On The Body And Its Meaning -- By: Colin J. Smothers

Journal: Eikon
Volume: EIKON 03:1 (Spring 2021)
Article: On The Body And Its Meaning
Author: Colin J. Smothers


On The Body And Its Meaning

Colin J. Smothers

Colin J. Smothers serves as the Executive Director of the Council on Biblical Manhood and Womanhood and Pastor of First Baptist Church of Maize, Kansas.

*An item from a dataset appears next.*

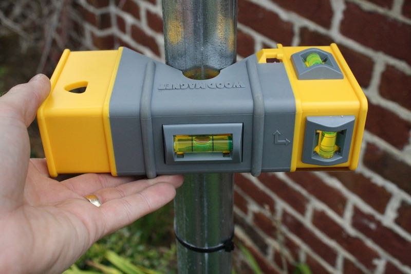 Once the level is attached to a piece of 2x, it can then be used in the same way that a level is used. The idea is that if you forget your long 4 or 6 ft level, you can get a โstraightโ (as possible) piece of lumber, attach this baby to the middle of it, and you then have a level of whatever length you need. In addition to fitting it to standard 2x materials, it can be used to plumb both square posts and round pipes up to 4โ in diameter. If you start to think about it, this can be a pretty handy hands-free stud level, plate level, screed level, or post level!

Charles Taylor argues that modernity has stripped the created world of its meaning: “The cosmos is no longer seen as an embodiment of meaningful order which can define the good for us.”1 Historian Jacques Barzun lays part of the blame at the feet of the father of modern naturalism: “The denial of purpose is Darwin’s distinctive contention.”2 If there is no creator, as Darwin implied, then there can be no purpose to creation. But Christians understand that denying the Creator and thus the Creator’s purposes is as old as sin; that is to say, such denial is almost as old as the world itself, which is why we must go back to the beginning to gain perspective on meaning and purpose of creation, especially the human body.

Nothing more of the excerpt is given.